Pace had more than a month to prepare for the trip, plenty of time to decide on a route and how much they might be able to accomplish over a relatively tight schedule. It would take too long to drive all the way to the Yucatan, let alone Guatemala, Pace figured, so he set his sights on their heading straight to Mexico City, where he’d never been, and seeing what happened once they got there.
“Plenty of sizzlin’ little angels in Mexico City, I bet,” Terry said.
“As the poet wrote,” replied Pace, “We present ourselves among ignorant beasts by appearing as angels.”
“Sounds good to me,” said Terry.
2
Pace and Terry’s trip proceeded uneventfully until they crossed the border into Mexico from Brownsville to Matamoros. It was in El Jabalí, a bar in Matamoros, that they met a man about Pace’s age or older named Hugo Gresca, who spoke fluent English and told them he had worked for many years as an assistant to the movie director John Huston.
“I was the one who took Huston to Puerto Vallarta and found the location for him to shoot Night of the Iguana. He bought a property I discovered down the coast accessible only by boat. I was a young buck back then, a handsome devil, you’d better believe. Remember in that movie how Ava Gardner’s always dancin’ on the beach with those two caballeros shakin’ maracas who’re supposed to be her playthings? Well, scratch that, amigos. It was yours truly she took up with, taught me what she called the bul
lfighter’s hello, which was to take her from behind when she didn’t know you were there. She drank a lot and was losin’ her looks a little, but she was a real woman. Those prancy-ass beach boys were maricones, both of ’em; they doted on Ava, though, brought her whatever she wanted: booze, boys, mota. She liked small men, married Mickey Rooney, for God’s sake, and Sinatra, both shrimps. Ava lived in Madrid, mostly, at the Hotel Victoria, where the bullfighters stayed, and she had her pick. I got nothin’ but good things to say about that woman.

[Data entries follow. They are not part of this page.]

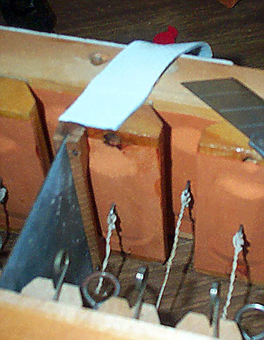 The top and bottom of the entire divider must be perfectly level with the edges of the boards, so that it evenly contacts the crosswise piece of gasket in the center of the rank lids. The cup block and the guide strip are slightly shorter than the width of the pouch board, so bits of leather of various thicknesses are glued on to build up this surface where needed.
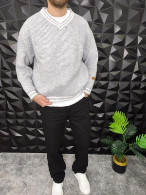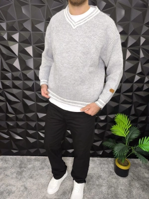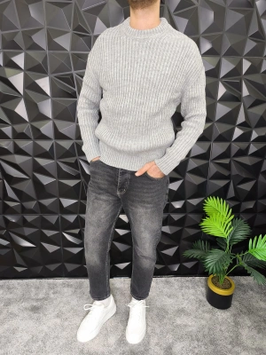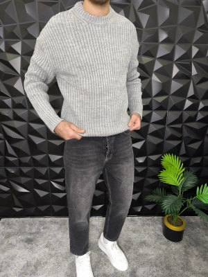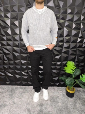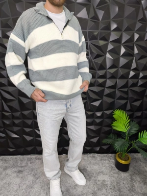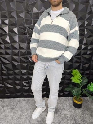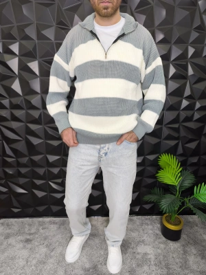 Yarım Fermuarlı Şeritli Örme Kazak Gri
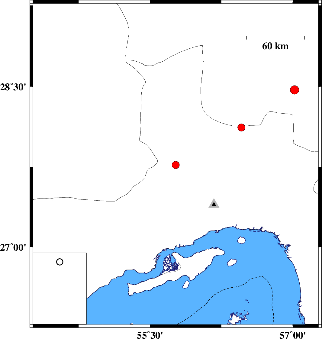 | 2008/03/26 | 07:09:39.1 | 11:39:39.1 | 27.77 | 55.77 | 14 | ML:3.5 | 61 km South-West of Hajiabad, Hormozgan Province | ||
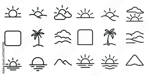 Fototapeta premium Nature and holidays line icons set – outline, linear, vacation and travel...
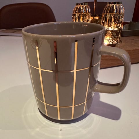 Selger denne så godt som ubrukte Marimekko-koppen «Ruudut» som ble lansert i forbindelse med Marimekkos 70-årsjubileum i 2021 og som ikke er i produksjon lengre.
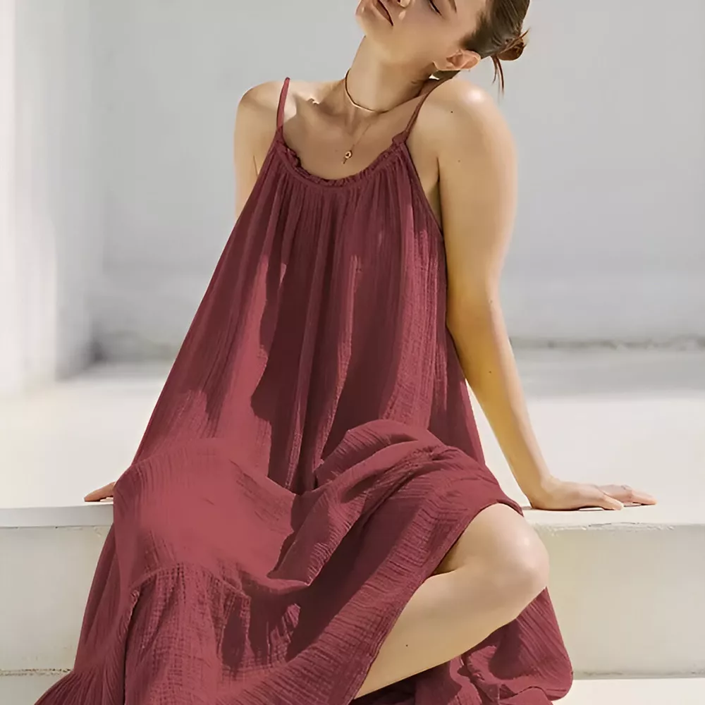 Light, airy, and effortlessly chic – this 100% Cotton Gauze Muslin Summer Dress is your new warm-weather favorite. Designed with a breezy silhouette and soft crepe de chine fabric, this sleeveless sundress is everything you need for sun-soaked days and carefree nights. Whether you’re headed to the beach, a holiday escape, or a relaxed garden party, this dress brings both comfort and style to your summer wardrobe.
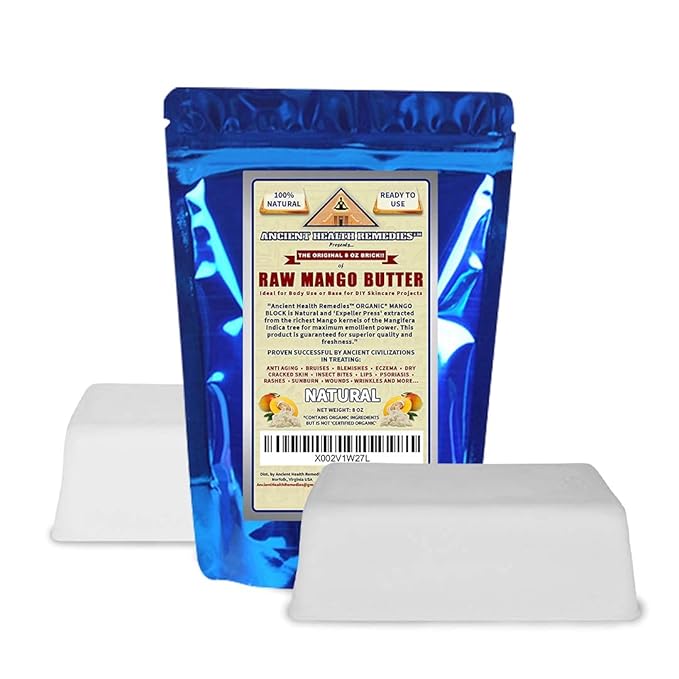 ANCIENT HEALTH REMEDIES Organic Unrefined Raw MANGO BUTTER JAR/BLOCKS Bulk, Light Mango Aroma, Non-Greasy Base for Beauty, Skin Moisturizing, DIY Base for Body Butter & Hand Creams (8OZ)
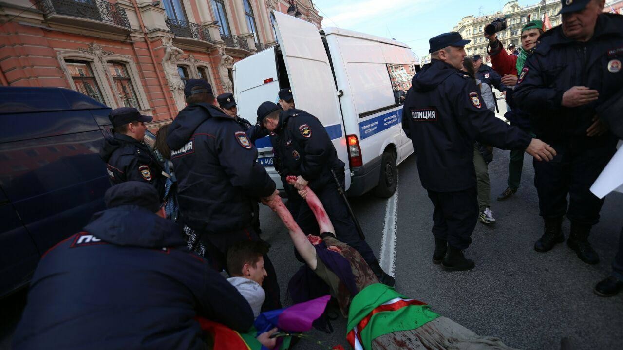 У Санкт-Петербурзі поліція затримала 18 учасників першотравневої демонстрації, які влаштували перформанс на захист ЛГБТ-спільноти Чечні, повідомляє правозахисник Дінар Ідрісов. Затримання проходили в жорсткій формі.
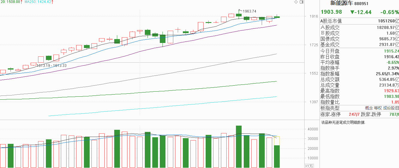 家人们,新能源车昨天上演了一出好戏!低开在10天线下方走高小阳反弹就收复了周二的探底回升小阴线并站在5天线上方,今天5天线还是走平,新能源车窄幅震荡也没有继续走高,感觉还是在整体蓄势。当下新能源车的震荡基于9月11号中阳线上方的区间震荡,重心还是上移的,机构风格很浓。说到机构风格,新能源车一直沿着5天线缓慢上移,期间每一次回调至5天线或10天线都有相对力度的阳线反包修复,可站上5天线上方后就是一种无序的表现,有时候会回落等待5天线上移,有时候会突然走高抬升重心,反倒是抛压一直没有出现。既然这样,我认为顺势而为就是最好的,因为主力控盘水平很高,要想在这种高控盘的板块中做价差并不容易,只要趋势还在,我会继续看好新能源车。
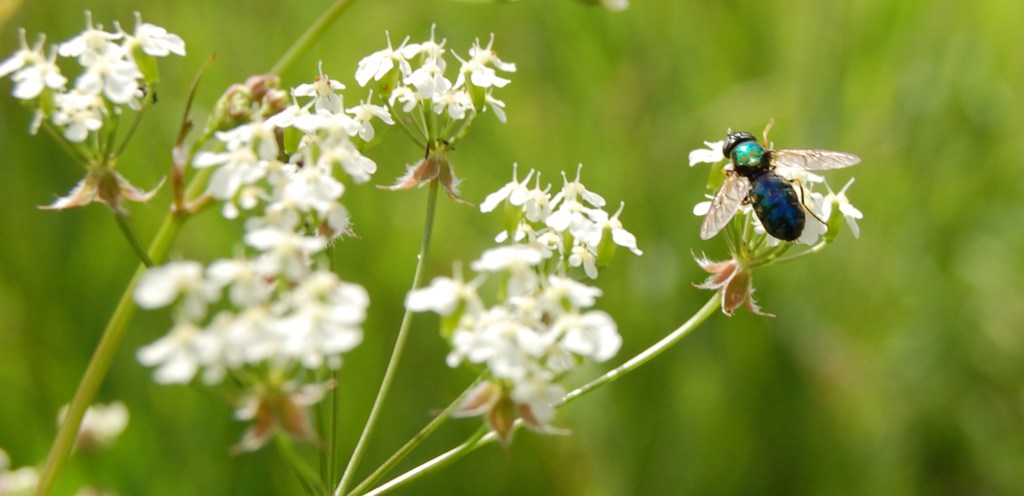 Section 2: 1 honeybee; 2 bumblebee; 3 hoverfly; 4 hoverfly; 5 this is a teaser – it was photographed in my garden in June 2009. It is, I think, a type of wasp, possibly Trichrysis cyanea, although it doesn’t appear to have the long antennae – any suggestions welcome; 6 hoverfly; 7 wasp; 8 solitary bee.

“John took me to his estate in Ireland, where we drank whiskey every morning with breakfast, then chased foxes on horseback with the dogs. It rained all the time there and I needed the sun, so I went back to Puerto Vallarta and became the caretaker at John’s hideaway for twenty years, off and on. It was a great life, amigos! Beyond dreams. After John died, I lived in New York for five years with Raquelita Pamposada, the Uruguayan actress known as La Pitonisa, the pythoness. She made only a few movies, most of them in Spain and Argentina, before she married a Swiss banker. The divorce settlement allowed her to live a life of luxury on Sutton Place, in a tri-level apartment above Katharine Hepburn’s. This is where I met her, when John was spending time with Hepburn and Bogart before filming The African Queen. Raquelita had a very small part in that movie, as a Congolese prostitute Bogart’s character consorts with prior to setting off on the river. She told me he had terribly bad breath and confessed to her that he could no longer get a hard on after too many years of hard drinking. Unfortunately, the Congolese whore part got cut out of the final version of the film because one of the producers thought it would prejudice the audience negatively toward Bogart. This was La Pitonisa’s swan song, and nobody saw it. She showed me the reel and it was awful, though she was a knockout naked and painted black. I gave her the bullfighter’s hello and goodbye both the first time I saw it.